• _DATA FOR THIS TASK_:
========

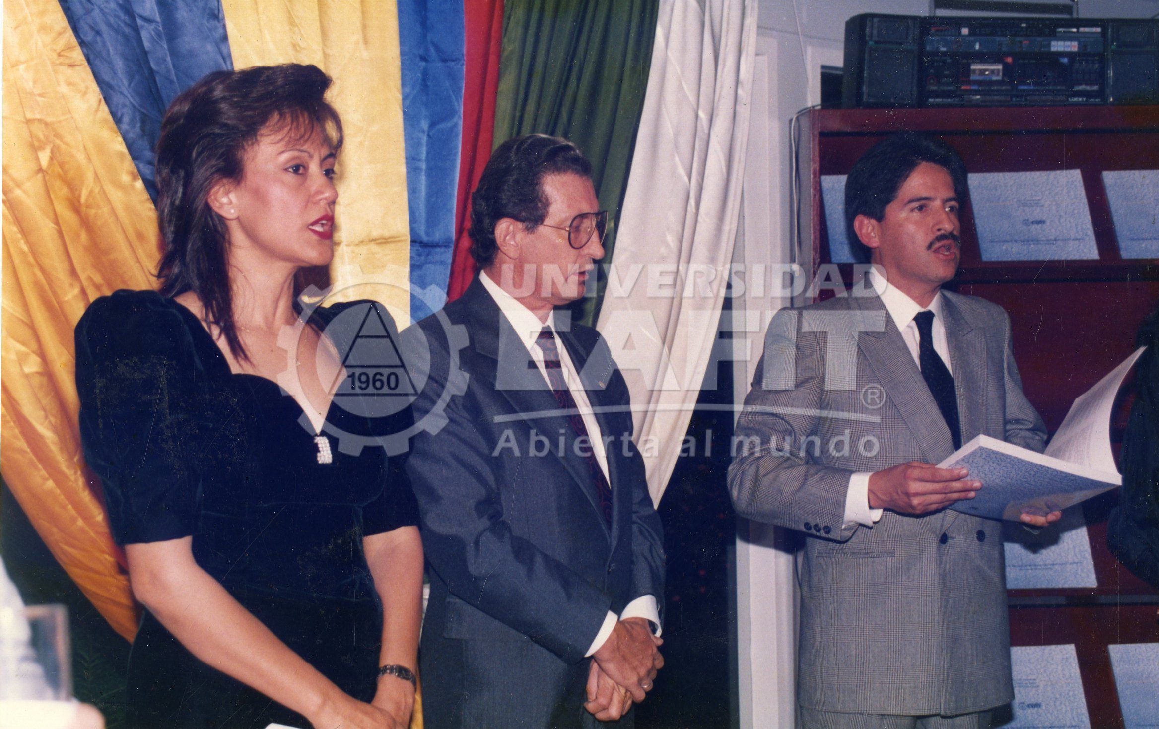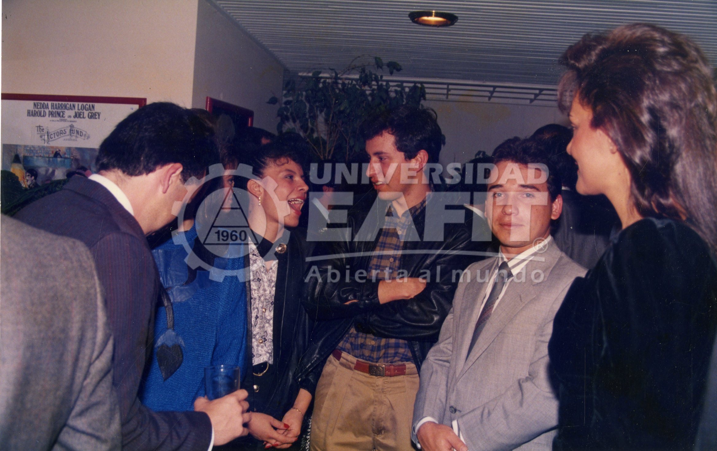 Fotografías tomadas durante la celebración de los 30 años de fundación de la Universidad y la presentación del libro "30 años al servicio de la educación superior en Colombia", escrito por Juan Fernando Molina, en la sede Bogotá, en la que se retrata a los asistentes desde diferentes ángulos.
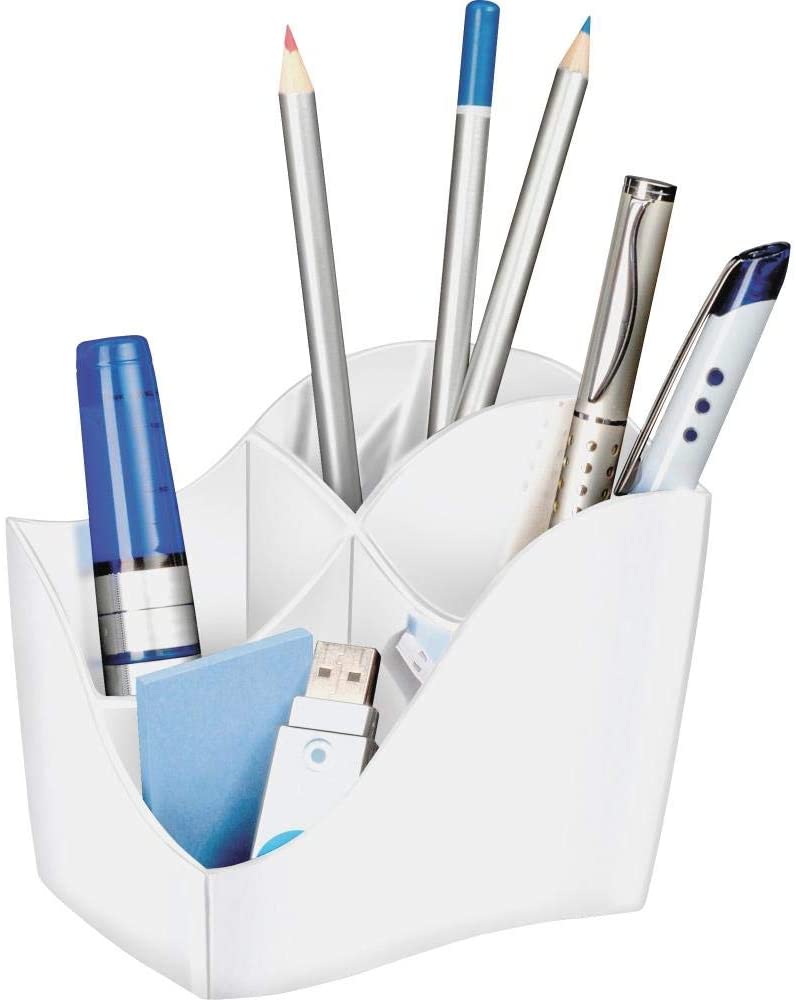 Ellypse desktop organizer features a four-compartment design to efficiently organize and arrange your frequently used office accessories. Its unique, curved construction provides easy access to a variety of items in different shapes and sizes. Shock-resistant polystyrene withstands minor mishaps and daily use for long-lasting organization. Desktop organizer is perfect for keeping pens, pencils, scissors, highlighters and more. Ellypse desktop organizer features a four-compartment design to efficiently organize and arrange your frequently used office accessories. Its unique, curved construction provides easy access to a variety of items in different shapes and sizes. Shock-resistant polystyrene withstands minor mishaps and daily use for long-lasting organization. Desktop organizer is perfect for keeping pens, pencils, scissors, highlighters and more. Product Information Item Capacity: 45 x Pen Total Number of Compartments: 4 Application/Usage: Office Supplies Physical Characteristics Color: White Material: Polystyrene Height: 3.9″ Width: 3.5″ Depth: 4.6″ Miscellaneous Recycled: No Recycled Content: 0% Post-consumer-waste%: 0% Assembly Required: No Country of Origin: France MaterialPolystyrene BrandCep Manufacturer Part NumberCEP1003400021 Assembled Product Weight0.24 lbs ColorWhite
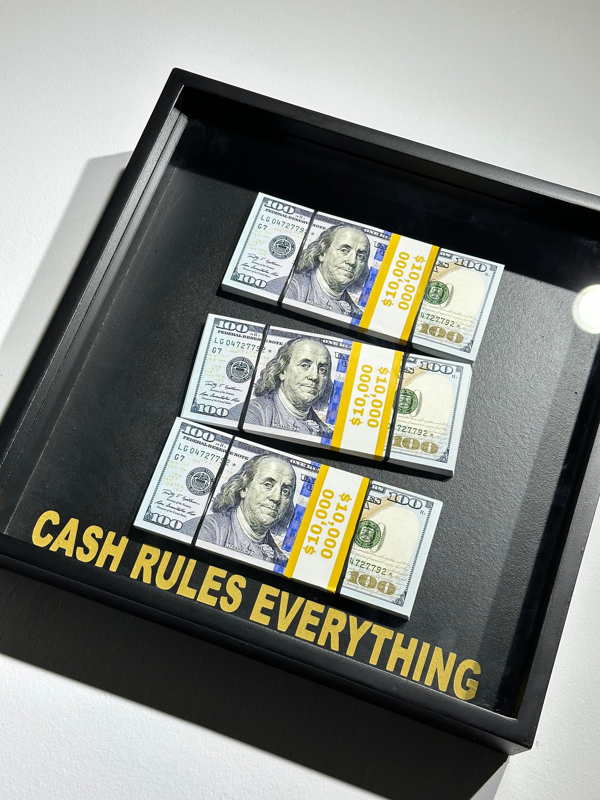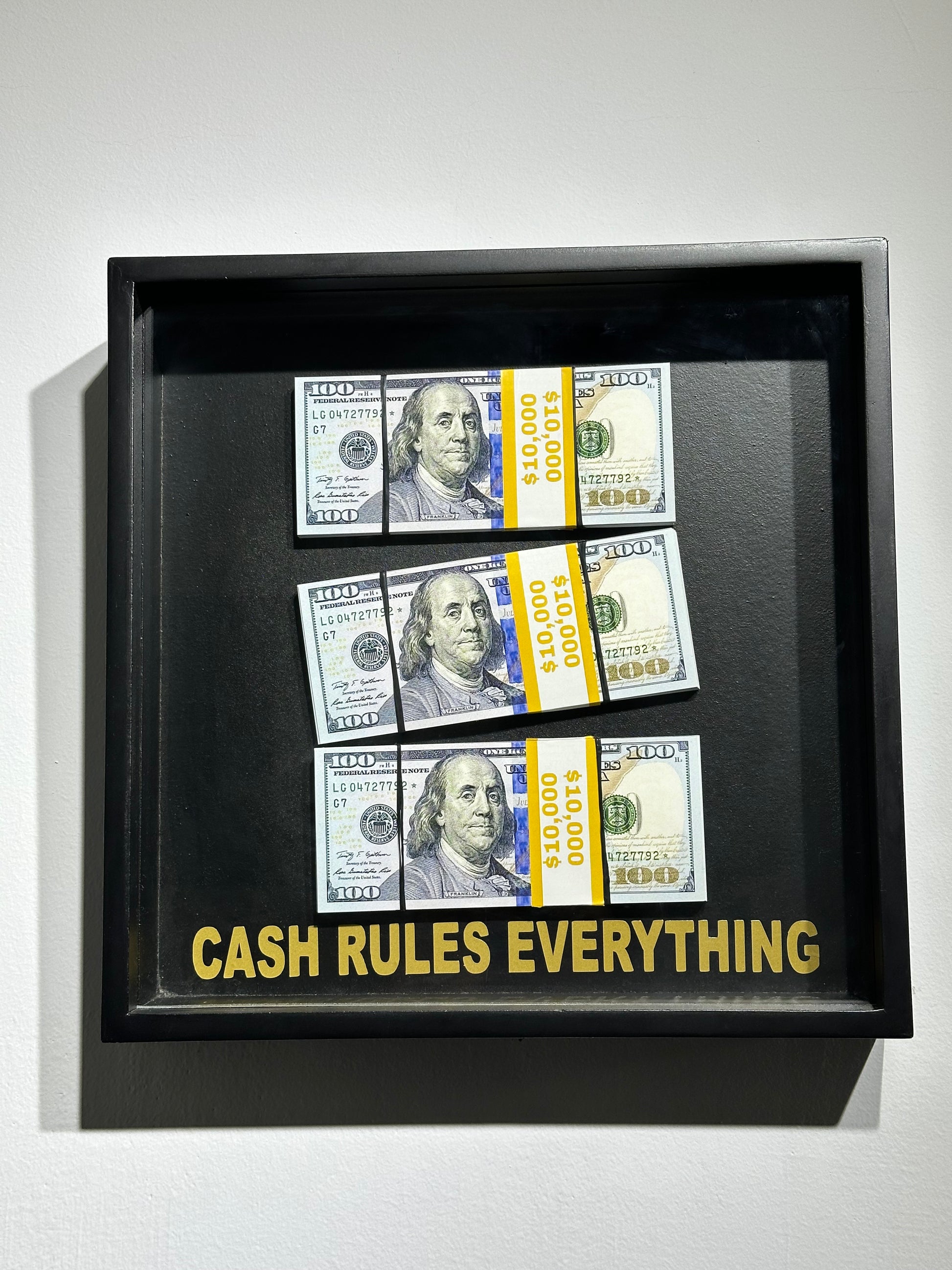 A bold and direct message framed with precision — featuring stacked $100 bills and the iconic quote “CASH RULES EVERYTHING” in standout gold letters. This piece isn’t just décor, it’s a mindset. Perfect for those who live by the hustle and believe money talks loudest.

========

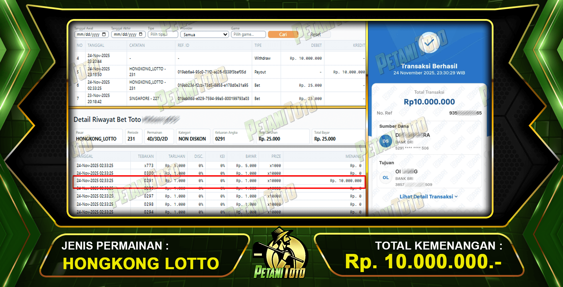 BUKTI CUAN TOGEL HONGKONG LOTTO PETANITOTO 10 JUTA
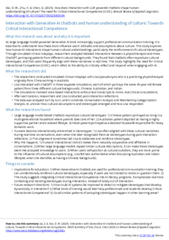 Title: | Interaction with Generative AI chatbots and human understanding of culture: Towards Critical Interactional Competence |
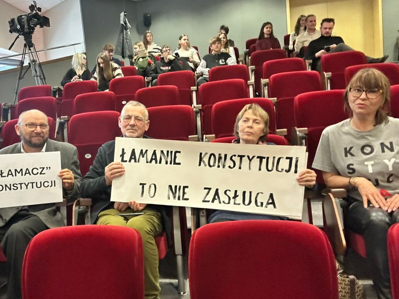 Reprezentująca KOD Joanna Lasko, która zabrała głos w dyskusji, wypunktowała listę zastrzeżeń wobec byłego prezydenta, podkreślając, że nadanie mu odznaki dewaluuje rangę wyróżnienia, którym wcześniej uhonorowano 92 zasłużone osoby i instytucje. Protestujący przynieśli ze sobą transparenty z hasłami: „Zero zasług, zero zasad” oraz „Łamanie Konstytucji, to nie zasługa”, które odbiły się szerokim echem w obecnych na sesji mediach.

========

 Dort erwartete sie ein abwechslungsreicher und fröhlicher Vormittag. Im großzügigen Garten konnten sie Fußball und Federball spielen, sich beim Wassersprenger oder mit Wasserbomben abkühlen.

========

• _WHAT TO PRODUCE_: Above are some entries; copy exactly the lines from the line with "BUKTI CUAN TOGEL" through the line with "Reprezentująca KOD Joanna", both included, but none of the pictures.

• _REPLY_:
 BUKTI CUAN TOGEL HONGKONG LOTTO PETANITOTO 10 JUTA
 Title: | Interaction with Generative AI chatbots and human understanding of culture: Towards Critical Interactional Competence |
 Reprezentująca KOD Joanna Lasko, która zabrała głos w dyskusji, wypunktowała listę zastrzeżeń wobec byłego prezydenta, podkreślając, że nadanie mu odznaki dewaluuje rangę wyróżnienia, którym wcześniej uhonorowano 92 zasłużone osoby i instytucje. Protestujący przynieśli ze sobą transparenty z hasłami: „Zero zasług, zero zasad” oraz „Łamanie Konstytucji, to nie zasługa”, które odbiły się szerokim echem w obecnych na sesji mediach.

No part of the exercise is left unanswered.